Electron’s Proposed Solution

Our solution consists of following parts:

1. Smart Ports: We deploy one smart contract on each of the two blockchains that want to interoperate with each other. We call these smart contracts as “smart ports” as they act as a port to another blockchain.
2. Electron Blockchain: Electron blockchain reads state changes on one smart port and makes the necessary changes on the corresponding smart port. Electron blockchain ensures security, atomicity and finality.

Let’s dive deeper.

Smart Ports and Cross Chain Porting

Consider when a user wants to move 10 ether from Ethereum blockchain to Solana. The steps are:

1. Send 10 ether from your externally owned account (EOA) to a smart port. A smart port is a smart contract deployed on the ethereum blockchain. In this transaction, which is a function call, you should also specify the address on Solana on which you want to receive this ether.
2. Electron magic happens… (described in next section)
3. SPL tokens* for ether, called sETHER are created and issued to the Solana address specified earlier. A total of 10 sETHER are created. (* SPL is Solana’s equivalent of ERC-20)
4. These sETHER can now be used across the Solana blockchain
5. An user on Solana might want to take 5 sETH back to ethereum.
6. For this, they send their 5 sETH to the smart port on the Solana blockchain. They also specify the ethereum address where they want to receive the ether.
7. Electron magic happens…
8. Out of the 10 ether locked in the ethereum smart port, 5 ether are unlocked and sent to the specified address.

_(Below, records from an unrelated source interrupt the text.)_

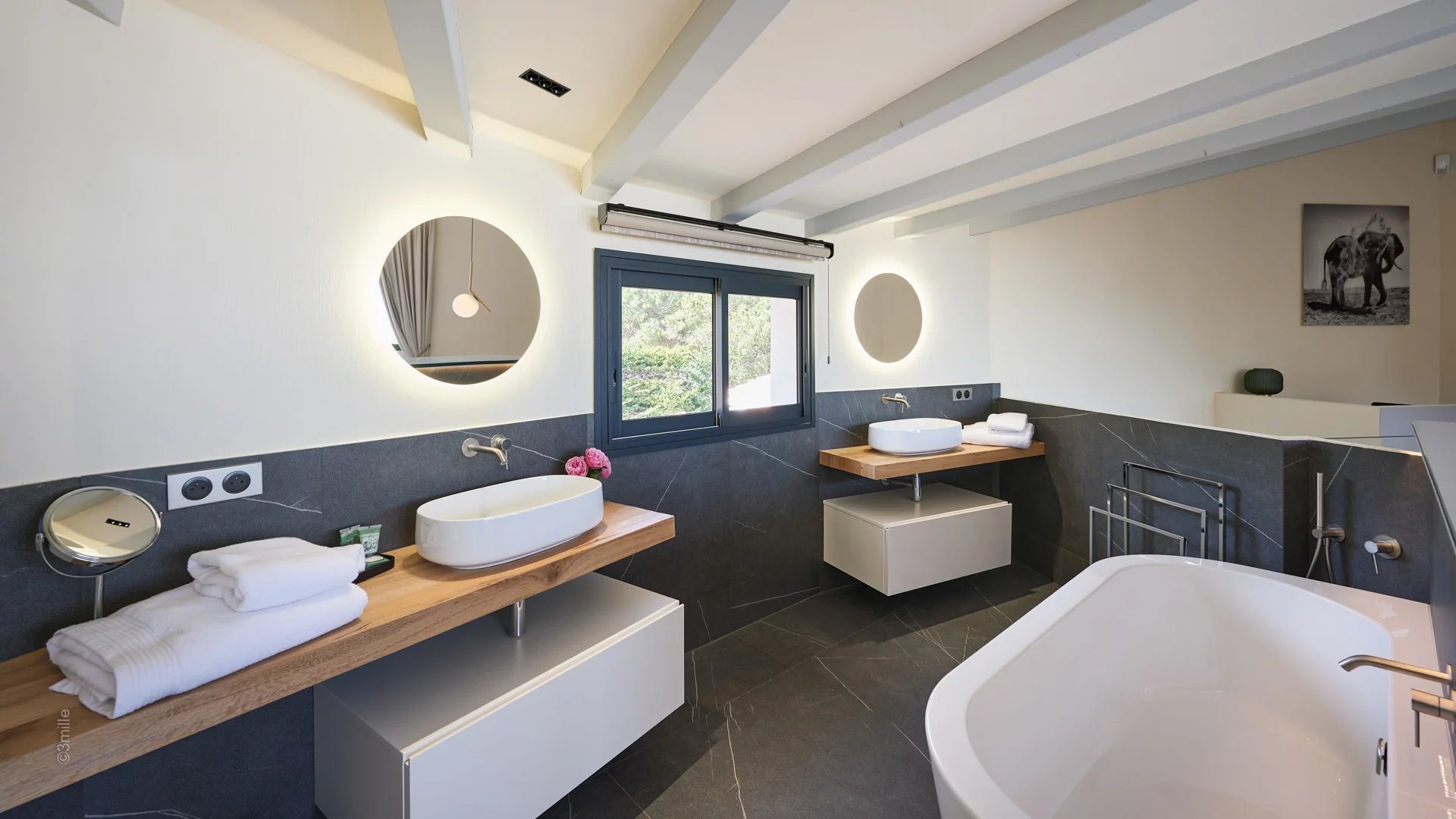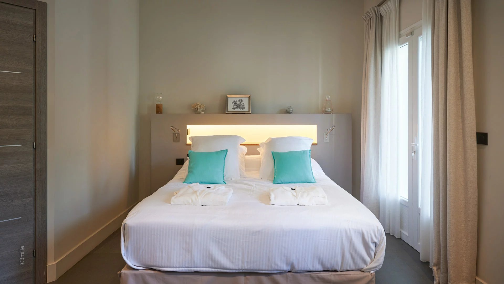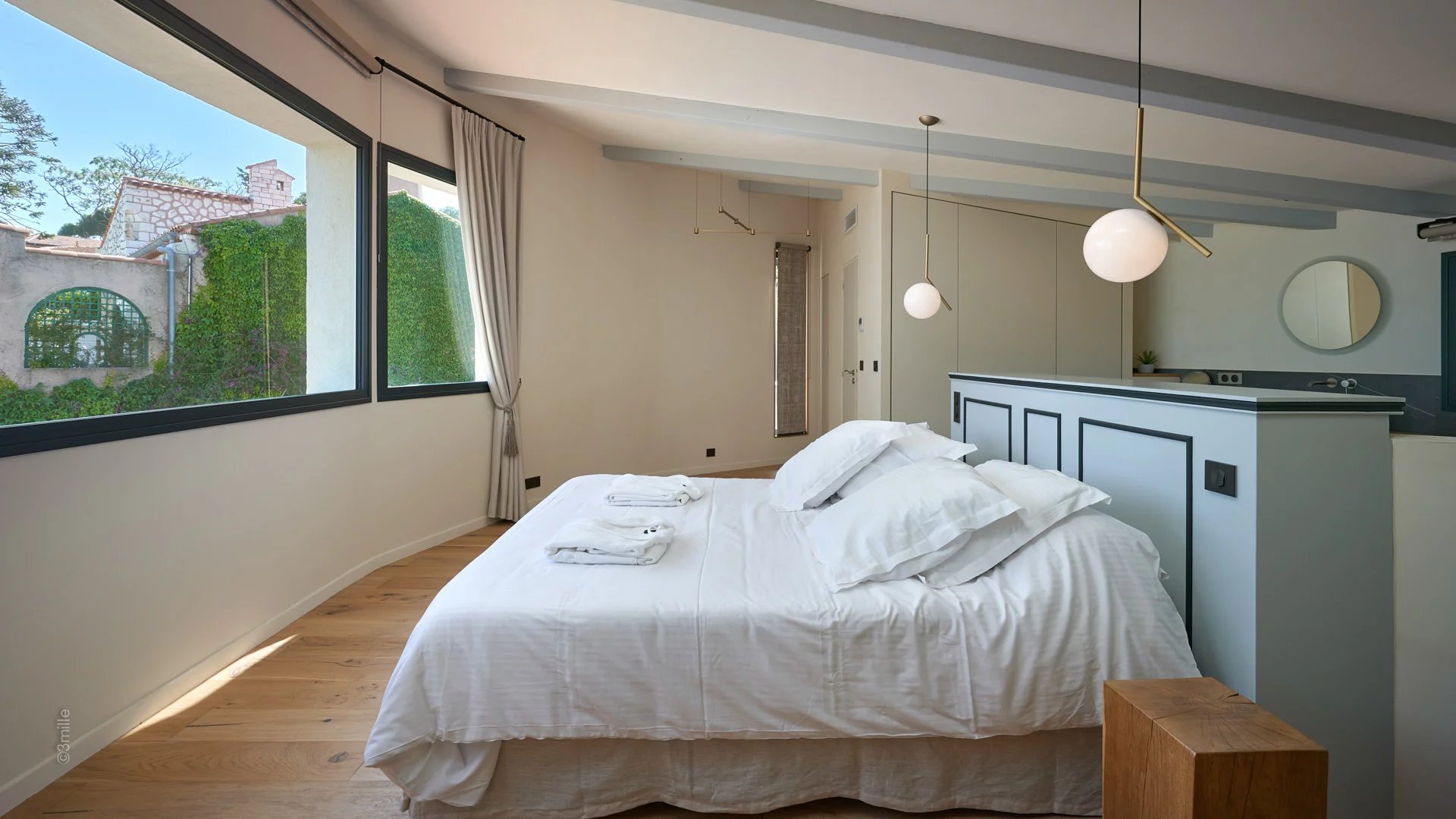 Master bedroom (double bed), view on "La Salis" and the old town of Antibes - Open bathroom /WC
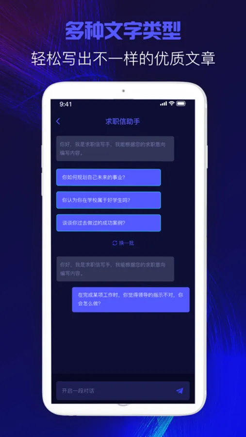 写作机器人是一种基于人工智能技术的智能写作工具,旨在协助用户轻松创造优质文本。它能够迅速生成各种文体,涵盖文章、新闻、邮件、报告等多种形式。通过分析用户提供的关键词和语义信息,机器人能够自动生成符合要求的文本,显著提升写作效率和文本质量。该工具的应用广泛,适用于企业、新闻媒体、个人创作者等领域。使用写作机器人,您将告别写作难题,轻松创作高水平文本,从而提高写作效率和质量。还有更多功能等待您的发现
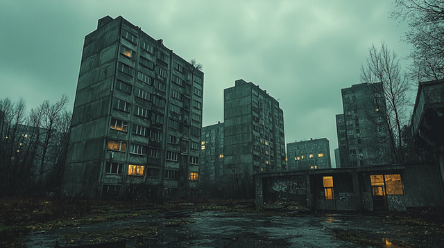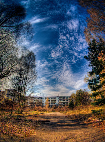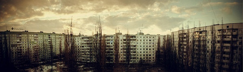 Lazareva str. in Pripyat, Zone of alienation, Chernobyl area 103 mR/hother side of this building
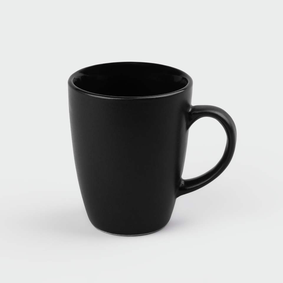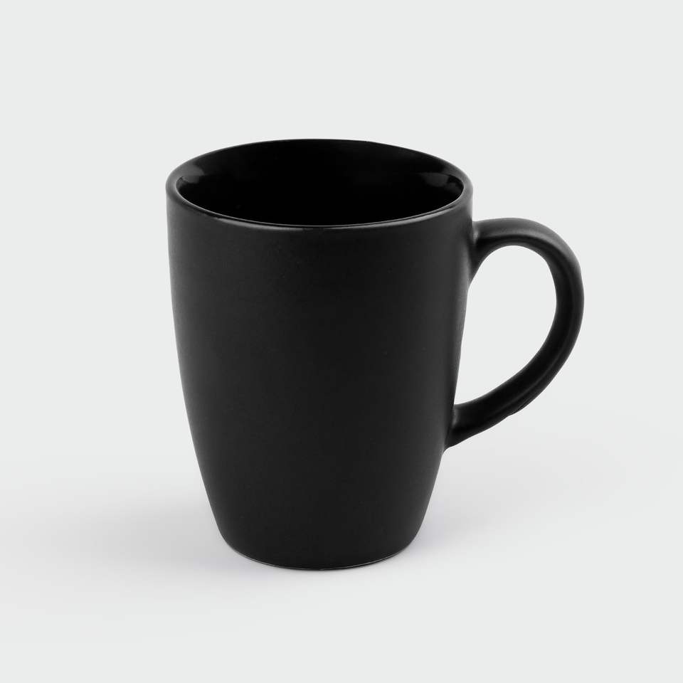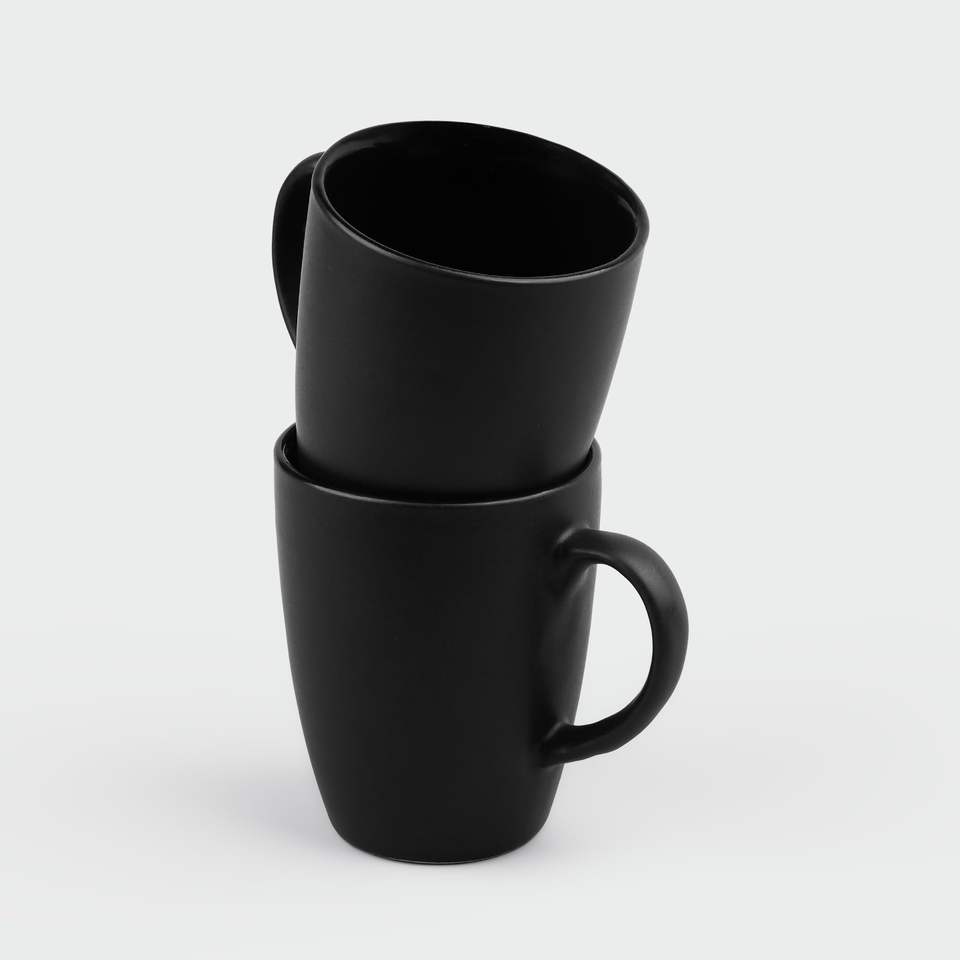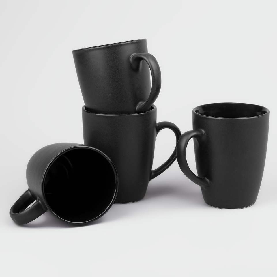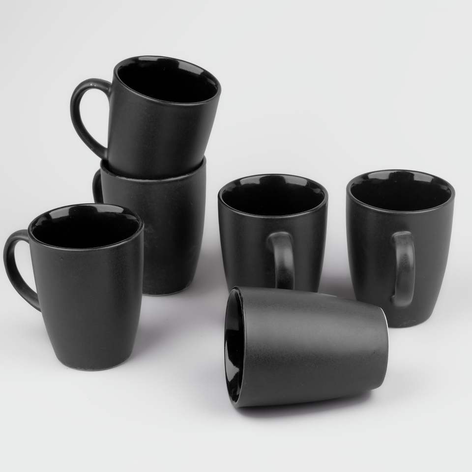 Juego de Tazas de Café de Cerámica Abhita, Color Sólido, Moderno y de Lujo, 350 ml, Ecológico, Duradero, Portátil, Negro Mate, Hecho en India, para Oficina
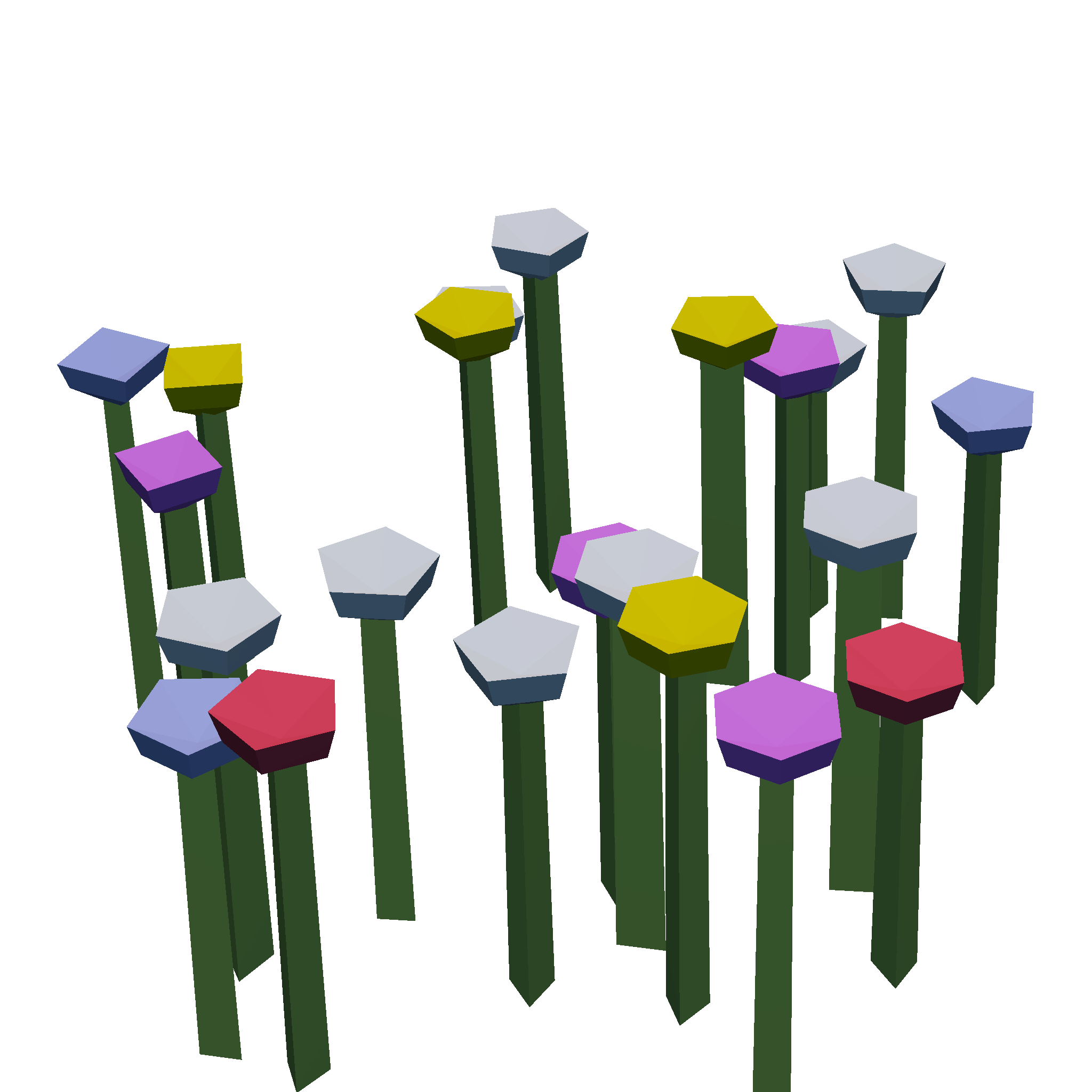 As described above, the procedural generation of the terrain mesh allows us to have different levels of detail. We can apply a similar concept to both the grass and flower generation in order to reduce the number of rendered triangles for distant objects.
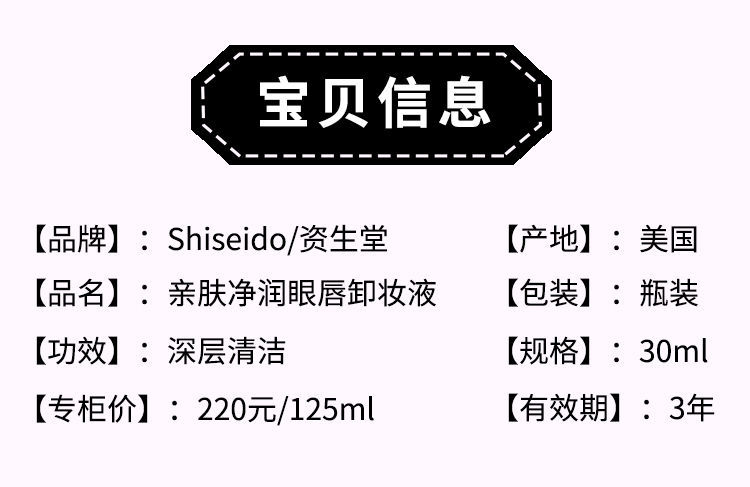 【爆款超低价预售 急单慎拍】日本资生堂柔肤净润眼唇卸妆液30ml 温和不刺激 专柜小样

In the following sections, we will discuss how the electron magic happens and how we ensure that the porting contracts on Ethereum and Solana are able to talk to each other, in a trustless manner.

Electron Blockchain

Two independent blockchains like Ethereum and Solana do not talk to each other natively. Their blockchain are seperate. At code level, this means that the smart contracts on Ethereum cannot read Solana blockchain’s data, and vice versa.

Hence, we need a system that can read one blockchain’s data and make it available on another blockchain in a trustless manner. That’s where the Electron Chain comes in the picture.

Electron Chain is a PoS based blockchain built on tendermint core. Consider the above example when 10 ether needs to be sent from Ethereum to Solana.

Electron validators have the following responsibilities:

1. Read data from the ethereum blockchain. They should listen to events on the smart port contract on ethereum
2. When an event is registered on Ethereum smart port that 10 ether needs to be sent to Solana, the electron validators must create a transaction that contains a function call for Solana smart port contract.
3. This function call will create 10 sETHER and send them to the requested address.

Conclusion

— — This whitepaper is under active development. In the next version of this whitepaper, we will discuss the following — -

1. Roadmap
2. Technical details of the protocol and code level discussion
3. Explain the security of the electron blockchain and how future solutions will also use the security provided by blockchains that are interoperting through Electron.
4. Discuss alternative approaches that are IPFS based and proof-of-state-change based, explain their limitations, and what it would take for them to be completely ready.
5. Explain whether these solutions are to be used only in case of withdrawals or whether they can replace the need to have a blockchain itself.

As of 6th June, 2021, the development of the electron protocol has started.